#### The records:
[Start of Attachment]

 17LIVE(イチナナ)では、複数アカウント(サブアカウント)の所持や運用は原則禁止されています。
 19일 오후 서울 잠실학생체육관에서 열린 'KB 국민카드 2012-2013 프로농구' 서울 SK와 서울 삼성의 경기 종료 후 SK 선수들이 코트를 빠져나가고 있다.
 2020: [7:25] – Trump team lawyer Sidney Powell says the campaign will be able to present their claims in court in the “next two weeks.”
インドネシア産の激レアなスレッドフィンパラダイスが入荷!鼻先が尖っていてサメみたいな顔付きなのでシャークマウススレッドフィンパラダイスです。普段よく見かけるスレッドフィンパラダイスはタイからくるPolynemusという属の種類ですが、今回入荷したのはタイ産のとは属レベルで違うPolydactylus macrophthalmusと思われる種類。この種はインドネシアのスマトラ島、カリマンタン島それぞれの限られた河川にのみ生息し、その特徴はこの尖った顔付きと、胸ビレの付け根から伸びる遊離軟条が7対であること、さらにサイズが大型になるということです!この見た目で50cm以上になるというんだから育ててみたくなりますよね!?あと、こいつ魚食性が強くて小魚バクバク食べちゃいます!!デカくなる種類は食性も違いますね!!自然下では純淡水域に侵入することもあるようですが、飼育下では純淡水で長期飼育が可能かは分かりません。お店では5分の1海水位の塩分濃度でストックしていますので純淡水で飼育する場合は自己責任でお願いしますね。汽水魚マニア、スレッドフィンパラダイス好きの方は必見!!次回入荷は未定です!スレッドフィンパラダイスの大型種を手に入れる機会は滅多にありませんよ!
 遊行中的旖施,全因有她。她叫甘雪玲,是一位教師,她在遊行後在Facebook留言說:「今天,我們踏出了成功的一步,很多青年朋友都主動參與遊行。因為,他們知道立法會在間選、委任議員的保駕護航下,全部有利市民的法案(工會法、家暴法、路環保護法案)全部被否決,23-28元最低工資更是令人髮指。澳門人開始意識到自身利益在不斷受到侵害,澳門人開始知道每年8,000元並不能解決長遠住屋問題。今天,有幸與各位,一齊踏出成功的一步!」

[End of Attachment]
[Start of Attachment]

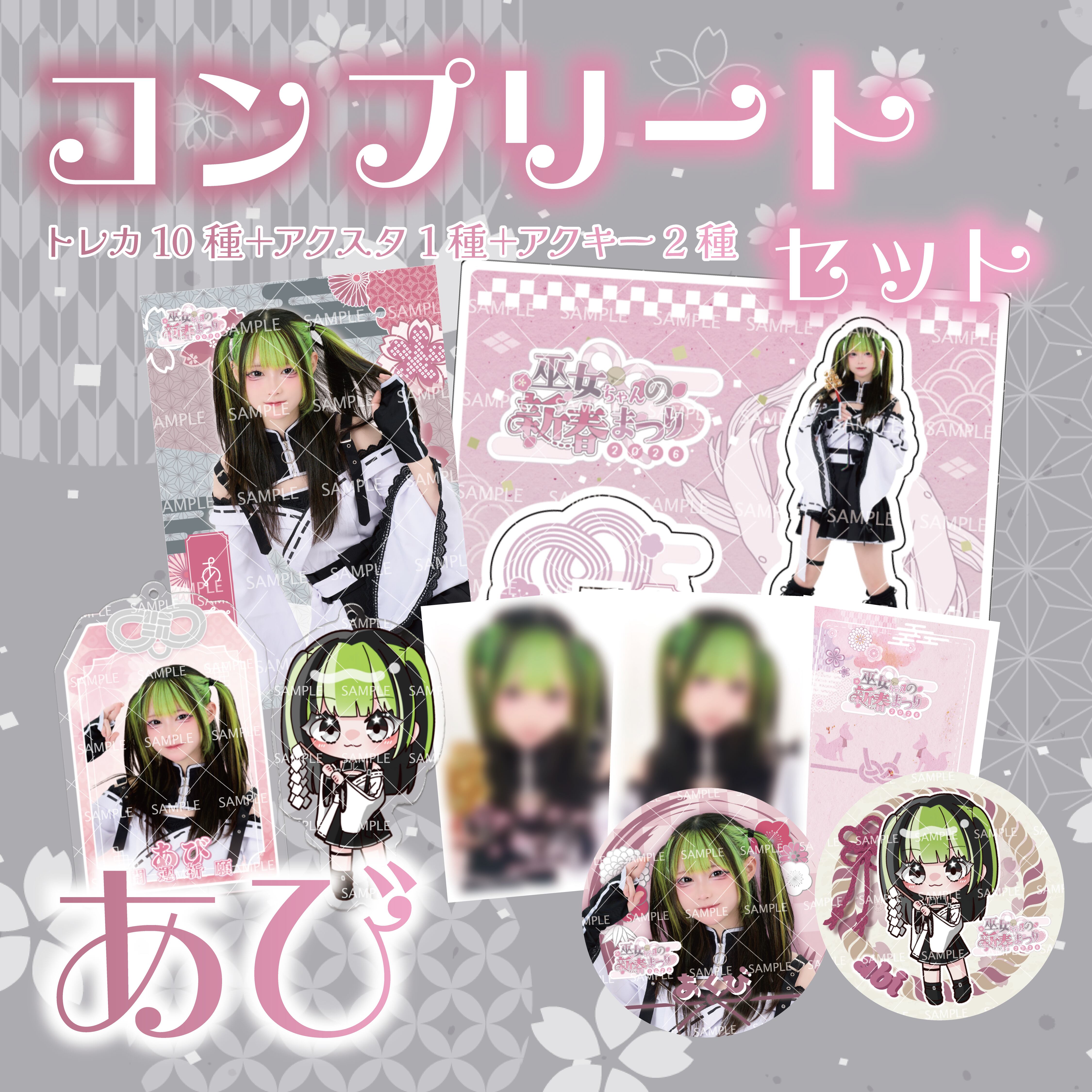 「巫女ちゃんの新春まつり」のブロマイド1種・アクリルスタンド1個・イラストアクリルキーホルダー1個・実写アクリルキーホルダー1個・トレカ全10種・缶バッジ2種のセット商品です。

[End of Attachment]
[Start of Attachment]

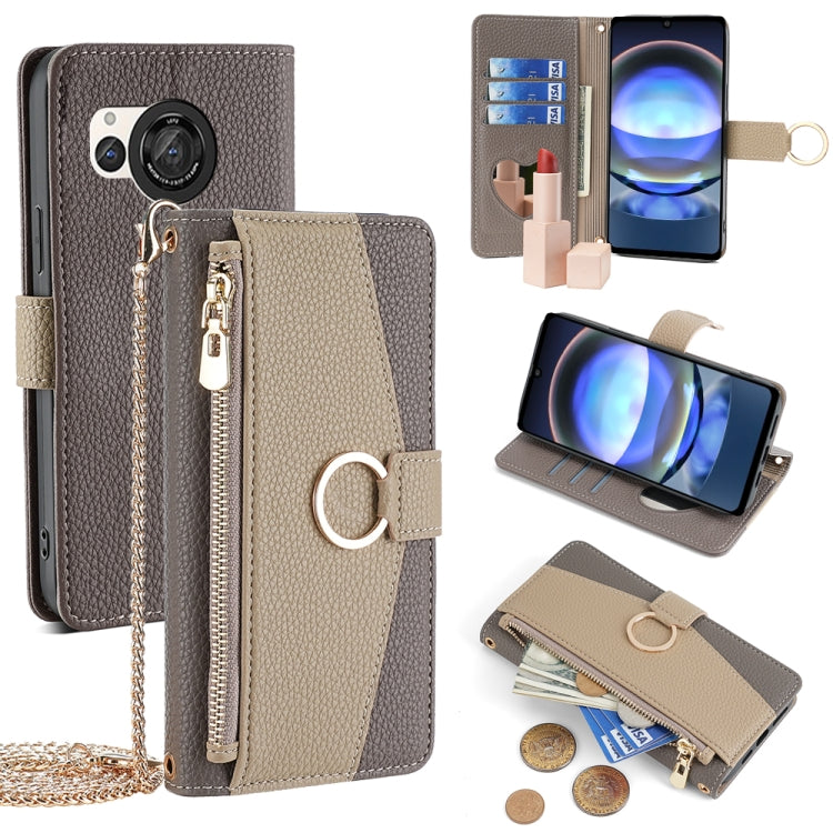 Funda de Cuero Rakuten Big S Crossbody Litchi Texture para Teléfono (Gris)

[End of Attachment]

From the records above, copy out the line with "17LIVE(イチナナ)では", the line with "2020: [7:25] –", and every line between them, word for word.

#### Completed task:
 17LIVE(イチナナ)では、複数アカウント(サブアカウント)の所持や運用は原則禁止されています。
 19일 오후 서울 잠실학생체육관에서 열린 'KB 국민카드 2012-2013 프로농구' 서울 SK와 서울 삼성의 경기 종료 후 SK 선수들이 코트를 빠져나가고 있다.
 2020: [7:25] – Trump team lawyer Sidney Powell says the campaign will be able to present their claims in court in the “next two weeks.”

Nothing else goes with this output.